Sun, April 7, 3:40 to 5:10pm, Metro Toronto Convention Centre, Floor: 100 Level, Room 104A

Session Type: Invited Speaker Session

Abstract

An enduring challenge for education research is for research itself to become democratic -- that is, to foster goals of inclusion, dialogue, and deliberation through the activities of research (House & Howe, 2000; Tseng, Fleishman, & Quintero, 2018). Emerging forms of collaborative research and development show promise toward realizing this ideal, through efforts to create more equitable engagements among researchers, educators, families, and community members.
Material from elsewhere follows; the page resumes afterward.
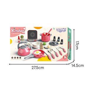 WOOPIE Zestaw Małego Kucharza Indukcja Garnki Patelnia Czajnik Różowy 30el.

This work occurs across education research in various forms or under different names, such as research-practice partnerships, community-based research, participatory action research, design research, research alliances, and engaged scholarship.

Broadly, these forms of collaborative research have many similarities. They share a commitment to centering the voices and perspectives of multiple stakeholders in education. They involve a systematic form of inquiry to understand problems and co-define possible solutions. They can also encourage the participation of those groups who have been historically or politically disenfranchised to enrich and expand the available knowledge base. All of these approaches stand in contrast to forms of research in which education stakeholders have little opportunity to define the focus of research or contribute in interpreting and making sense of findings for local needs.

Together, these approaches represent possible ways of democratizing the research enterprise through more equitable distributions of power, greater attention to diverse needs and questions, and a broader appreciation for the value of different kinds of knowledge and expertise. Yet, too often, the conversations of these traditions are disconnected from one another. The purpose of this session is to actively engage the AERA audience in a dialogue about a vision for democratization of evidence and explore their meaning to the research community moving forward in this post-truth era of civic activity.